Some hypnotists will further lay the patient on the ground, suggesting that all the muscles in the patient’s body have become stiff and that the person is like a stone. When the patient’s whole body becomes tight, ask others to lift the patient up, put the head and feet on two chairs respectively, the body is suspended, ask a person to sit or stand on the patient again, call “Iron plate bridge”. Both the patient and the bystander experience this process and, of course, become more convinced that the patient has been hypnotized. But the “Iron plate bridge” process is risky, and if the patient suddenly leaves hypnosis in the middle of the process, he or she will be injured, so don’t try it easily.
(8) Time distortion :
Time can be lengthened or shortened. The hypnotist may suggest to the patient that the whole process took only 10 minutes, but it actually took more than half an hour.

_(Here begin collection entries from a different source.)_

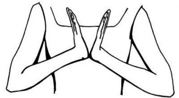 Мизинец правой руки согните так, чтобы он прикасался к основанию большого пальца, которым слегка прижмите его. Левой рукой обхватите правую кисть снизу так, чтобы большой палец левой руки находился на большом пальце правой.
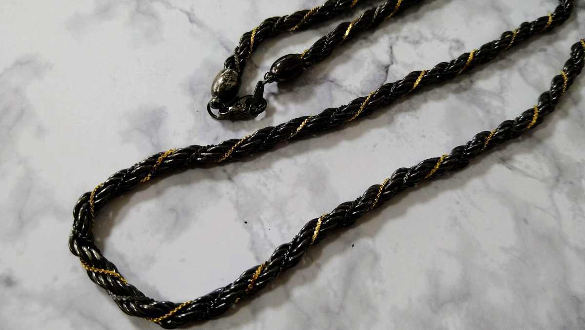 - □メタリックグレー×ゴールドカラー・ツイストネックレス□
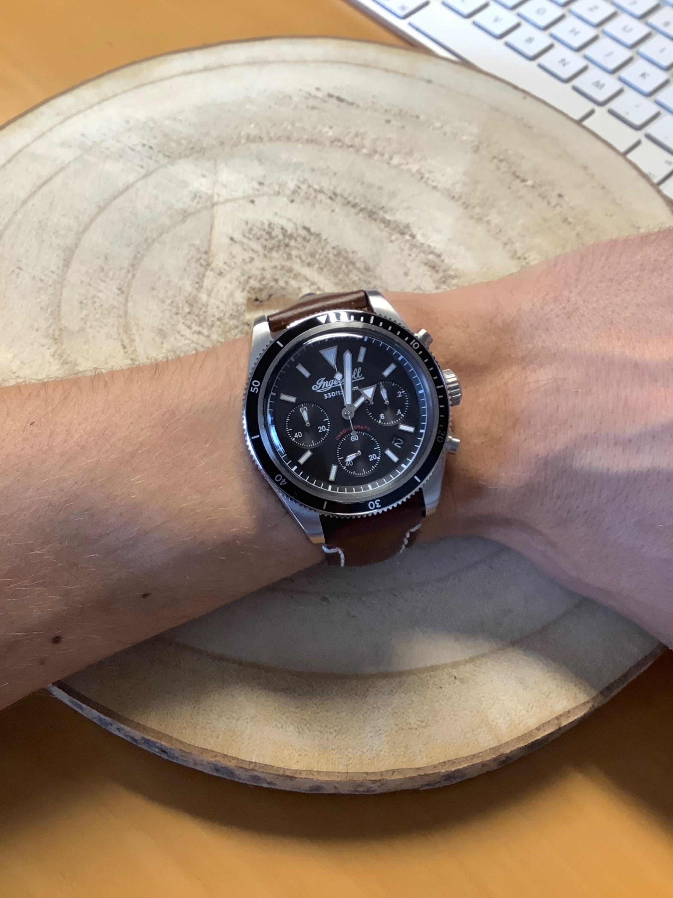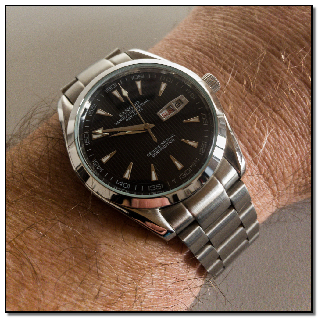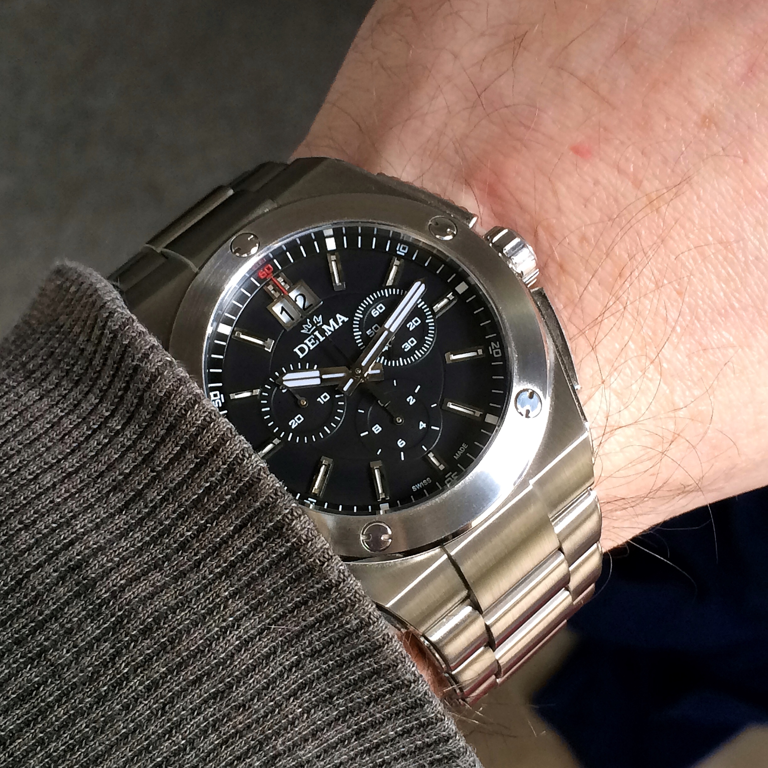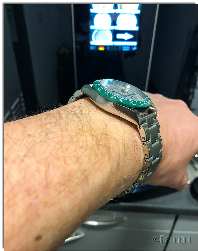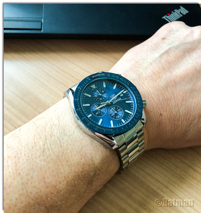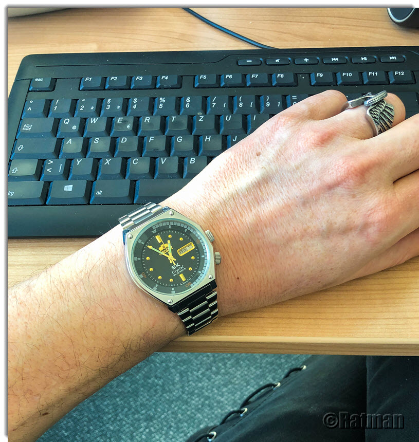 Hab gestern das Band gegen ein Geckota Rivet getauscht. Steht ihr ziemlich gut, wie ich finde. Am Originalband gab es einen typischen Fall von fehlender Qualitätskontrolle. Es fehlten dort schlicht die Aussparungen, in die die kleinen Haken des Verschlusses einrasten. Scheiß drauf, wer trägt bei solchen Uhren schon das Originalband

(9) Amnesia and Hypermneșia :
The hypnotist can suggest that the patient has forgotten the entire hypnosis process, or a small part of what happened, causing hypnosis of amnesia. The patient may also vividly recall the memory he has forgotten.

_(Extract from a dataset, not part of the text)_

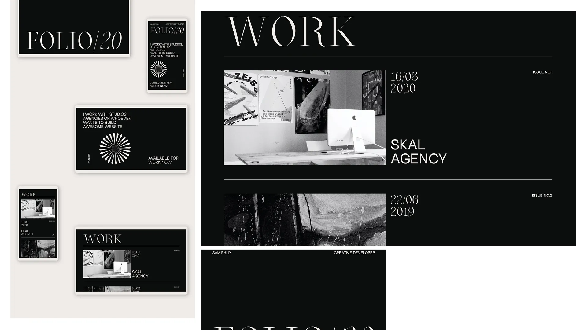 Portfolio website for Sam Phlix, creative developer based in Lyon, France, using Oroban and Surt throughout. The font pairing iw working pretty well with a basic contrast between Serif and Sans.
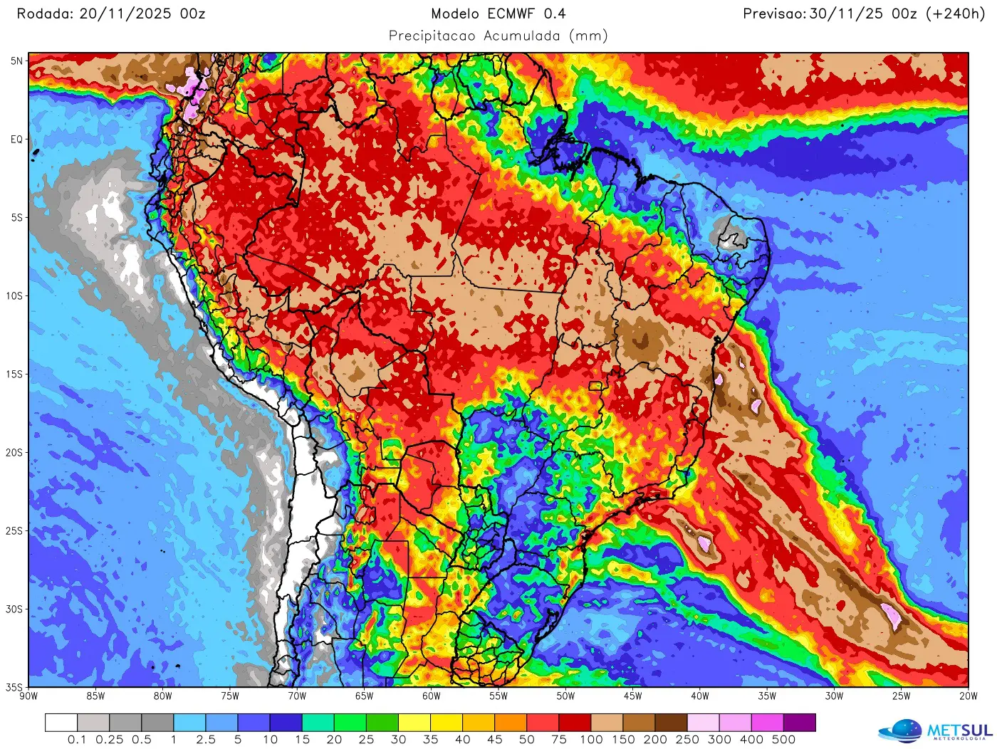 O mapa acima mostra a projeção de chuva para dez dias do modelo do Centro Meteorológico Europeu (ECMWF), que está disponível ao assinante (assine aqui) em nossa seção de mapas.

(10) Age regression and age progression :
When Age regression, the patient is so engrossed in the past memory that it seems to relive it. Age progression is when the patient is fully integrated into the future experience as if it were happening.

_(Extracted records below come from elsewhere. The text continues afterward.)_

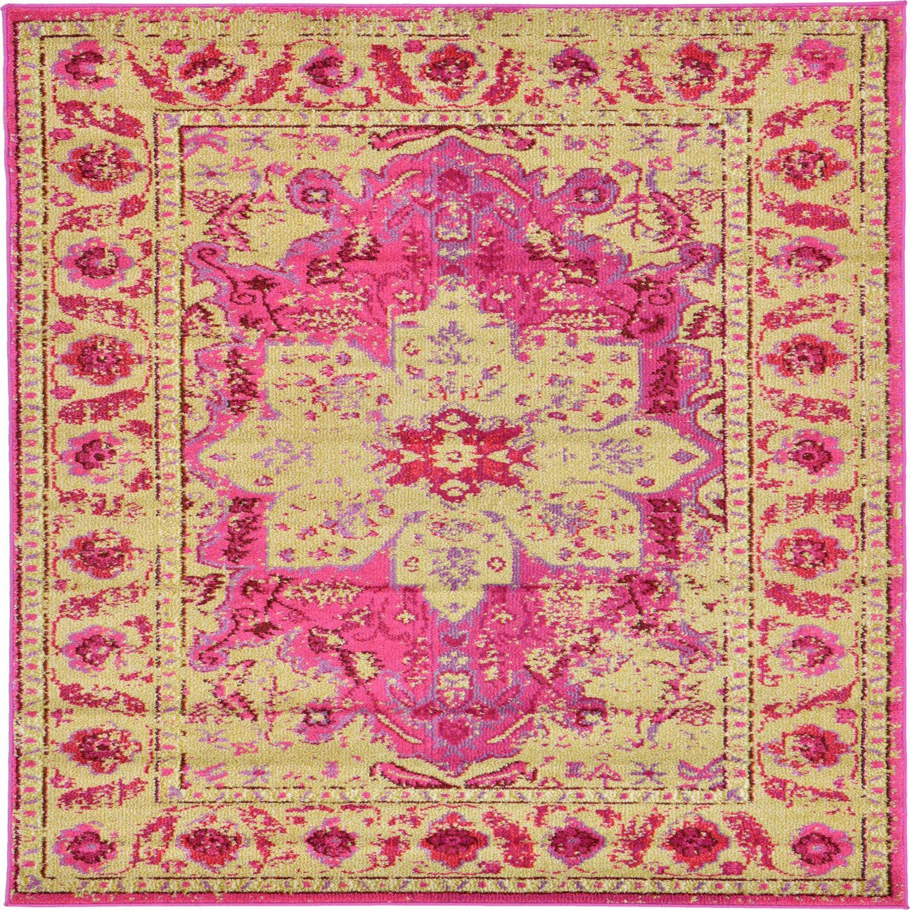 Primary color is Pink. Colors in this rug include: Pink, Burgundy, Gold, Purple, Ivory.
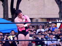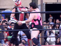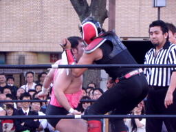 HARASHIMAガットショットからヘッドロック、星誕期ロープに振ってショルダーブロックの打ち合い(左写真)、星誕期倒してストンピング。
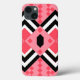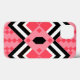 This phone case has an art deco quilt-inspired design of diamond shapes in black, white, and pink on a field of watermelon.
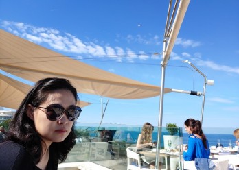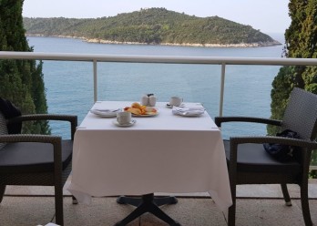 호텔정원에 있는 야외수영장을 바라보며 파란 아드리아 바다가 배경~~&n…
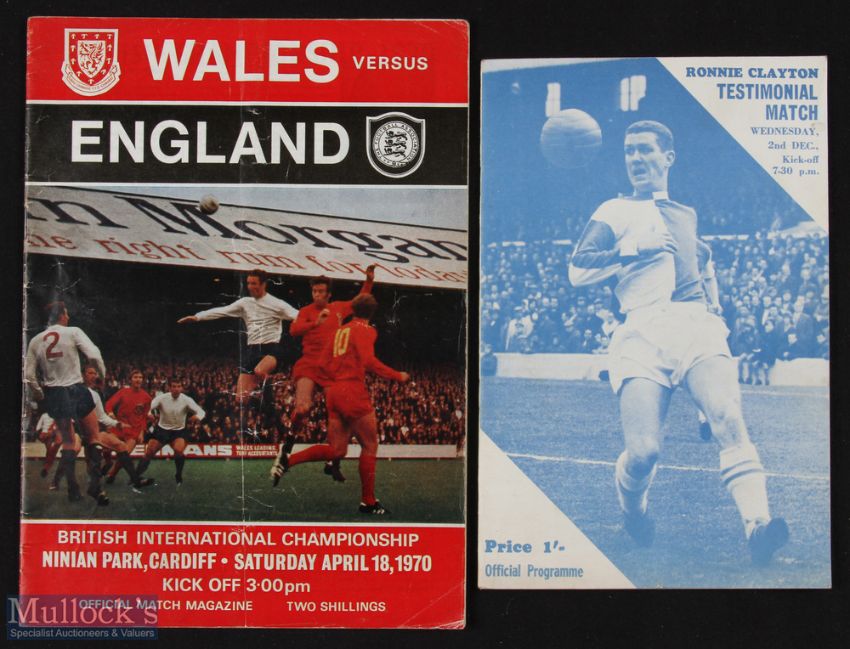Autographed programmes 1970 Wales v England at Cardiff with clear signature of George Best on back page: 1970 Ronnie Clayton testimonial programme Manchester City/Liverpool XI v International XI with clear signature of Bobby Moore (good) plus Keith Newton, Emlyn Hughes & Geoff Hurst (2)
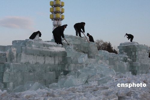 2月28日,施工人員在牡丹江市城區(qū)冰堡旅游景點(diǎn)拆除融化的冰雕作品!傲⒋骸边^后,素有“雪城”之稱的黑龍江省牡丹江市氣溫回升較快,城區(qū)內(nèi)的各大冰雪旅游景點(diǎn)的冰雪作品開始融化,失去寒冬里的風(fēng)采。從當(dāng)日起,城區(qū)冰雪旅游景點(diǎn)管理部門對(duì)融化的冰雕作品進(jìn)行拆除。中新社發(fā) 莊文斌 攝

In traditional hypnosis, the testing and appearance of hypnotic phenomena are used to confirm and deepen hypnosis. Most of the judgment of hypnotic phenomenon will take the form of all or nothing, if the occurrence of hallucinations is there, there is no occurrence is not. Everyone experiences different kinds of hypnosis. Some people can experience several kinds of hypnosis, while others can only experience one. Hypnotist through the process of hypnosis, understand the patient most ability to experience the hypnotic phenomenon, can be used as a treatment strategy, according to the patient experience hypnotic phenomenon ability to help patients. If a patient with a pain problem is prone to hallucinations, a hypnotist can suggest that the patient has hallucinations of pain disappearing. If amnesia is easily experienced, the hypnotist may suggest that the patient forget the pain. Therefore, the patient’s ability to experience hypnosis can be used as a therapeutic resource.